Старик схватил своего сына за руку таким нервным и энергичным движением, что молодой человек поморщился от боли.
— Слушайте, господин Филипп, — сказал старик. — Америка очень далека от Парижа, мне это известно.
— Да, отец, очень далека, — повторил Филипп. — Но я совершенно не понимаю, что вы хотите сказать. Объясните же, прошу вас.
— Это страна, где нет ни короля, ни королевы.
— Ни подданных.
— Прекрасно! Ни подданных, господин философ. Я этого не отрицаю, да этот вопрос меня нисколько не интересует и для меня безразличен; но что мне не безразлично, что меня огорчает и унижает, — это боязнь также поверить одному…
— Чему, отец? Во всяком случае, я думаю, что мотивы наших опасений совершенно различны.
— Мое опасение заключается в том, сын мой, не глупец ли ты, что было бы непростительно для такого малого.

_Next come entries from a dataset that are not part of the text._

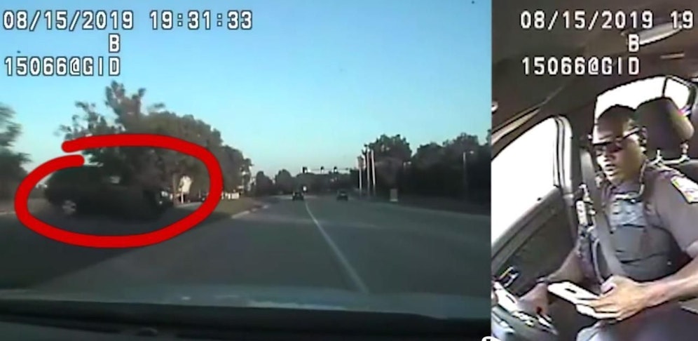 Die örtliche Polizei veröffentlichte ein Video, auf dem der Beamte die ganze Zeit auf seinem Handy tippte. Offenbar verschickte er gerade eine wichtige Nachricht, die einfach nicht warten konnte.
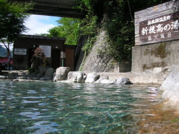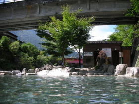 | 開放感抜群・・・ということは橋の上からの眺めもいいので、女性は入りづらいと思います。水着やバスタオルを用意した方がいいでしょう。「温泉に水着は邪道」が信条ではありますが、ここではそんなこだわりも忘れるくらい大らかな気持ちになります。 |
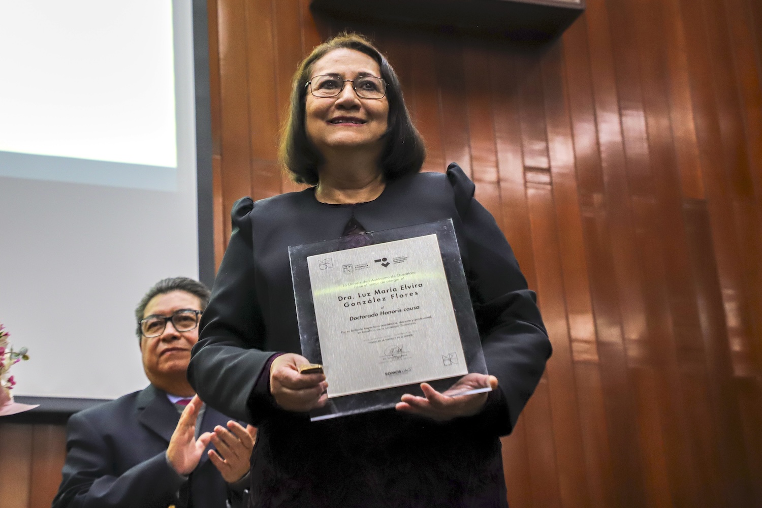 Por otro lado, Ma. Guadalupe Flavia Loarca Piña, secretaria de Investigación y Posgrado de la UAQ, reseñó la trayectoria de Luz María Elvira González Flores, quien posteriormente agradeció esta distinción y aseguró que la UAQ ha avanzado de manera importante, tiene muchos programas de gran calidad y oportunidades de talla nacional e internacional para estudiantes, por lo que es notable su crecimiento en todos los sentidos.
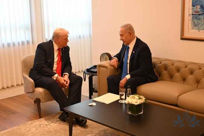 当天,内塔尼亚胡在社交媒体平台X上发布了多张关于特朗普到访的图片,其中包括他向特朗普赠送金色鸽子雕塑的图片。
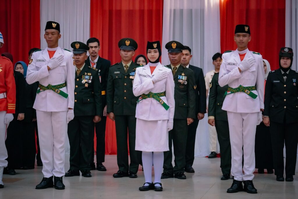 Dalam suasana khidmat, para Paskibraka berbaris rapi dengan penuh semangat dan kedisiplinan. Mereka mengenakan seragam putih merah, yang mencerminkan semangat patriotisme dan nasionalisme.
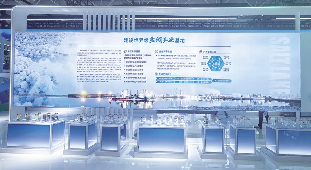 其中海西展区则围绕培育体现海西特色和优势的现代化产业体系,宣传推广“祖国聚宝盆·神奇柴达木”产业发展优势;600平方米的海西展区聚焦“浓油重盐”“风吹日晒”两大产业格局,以序章、产业四地等4大板块31张版面,集中展示盐湖化工、新能源等领域成果,430余件特色展品展示集群发展成就。而在1000平方米的世界级盐湖产业基地展区,围绕青海省核心战略,重点展现中国五矿创新成果。展区以“天地人和 协同赋能”为理念,分6大篇章全景呈现产业布局,通过可视化设计诠释盐湖产业可持续发展新模式。
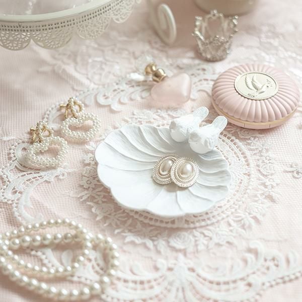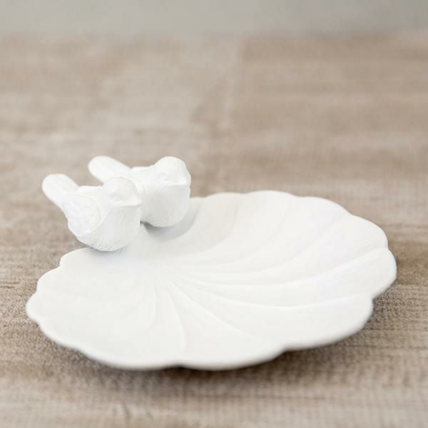 お皿の縁の小鳥が可愛いプレート。リングやネックレスなどの小さなアクセサリーを美しく飾ることができます。ドレッサーやチェスト上だけではなく、玄関で鍵の定位置にしても♪大切なものや、お気に入りのアイテムをおしゃれにディスプレイできます♪
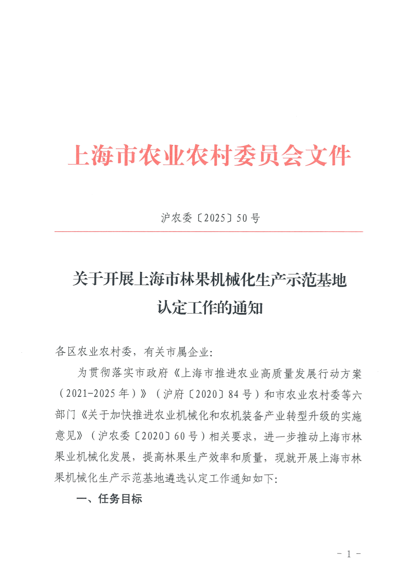 为贯彻落实市政府《上海市推进农业高质量发展行动方案(2021-2025年)》(沪府〔2020〕84号)和市农业农村委等六部门《关于加快推进农业机械化和农机装备产业转型升级的实施意见》(沪农委〔2020〕60号)相关要求,进一步推动上海市林果业机械化发展,提高林果生产效率和质量,现就开展上海市林果机械化生产示范基地遴选认定工作通知如下:
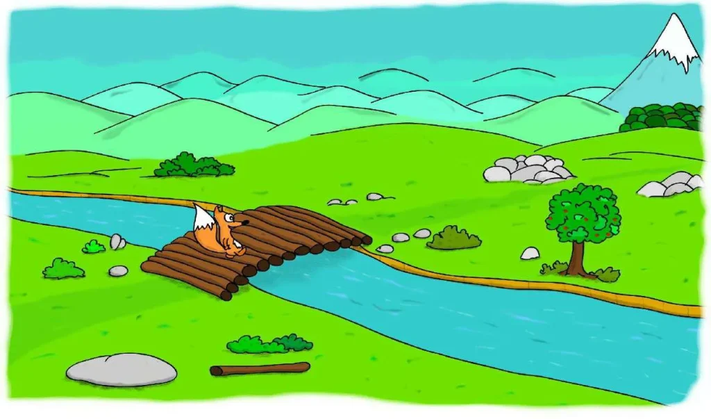 وَعَدَ بُوبُو أُمَّهُ بِأَنْ يَكُونَ حَذِرًا وَأَنْ يَعُودَ قَبْلَ حُلُولِ الظَّلَامِ، ثُمَّ أَسْرَعَ نَحْوَ الْجَبَلِ. تَخَطَّى الْمُرُوجَ وَسَارَ حَوْلَ التِّلَالِ الصَّخْرِيَّةِ، ثُمَّ فَجْأَةً وَبَيْنَمَا كَانَ يَعْبُرُ النَّهْرَ، سَمِعَ صَوْتَ شَخْصٍ يَصْرُخُ طَلَبًا لِلْمُسَاعَدَةِ.

Да посмотри же, посмотри!
— Смотрю, сударь.
— Королева обернулась, и уже в третий раз; да, сударь, королева оборачивалась три раза и, смотрите, оборачивается опять… И кого же она ищет? Господина глупца, господина пуританина, господина американца! О!!
И маленький старичок прикусил — не зубами, а лишь деснами — серую замшевую перчатку, в которой могли бы поместиться две такие руки, как его.
— Ну хорошо, сударь. Если это так, что, впрочем, сомнительно, то почему вы думаете, что она ищет меня?
— И — повторил, весь дрожа, старик. — Он говорит: "Если? Это так"?! Нет, в этом человеке не моя кровь, он не Таверне!
— Действительно, во мне не ваша кровь, — пробормотал Филипп. — Должен ли я возблагодарить за это Бога? — прибавил он тихо, поднимая глаза к небу.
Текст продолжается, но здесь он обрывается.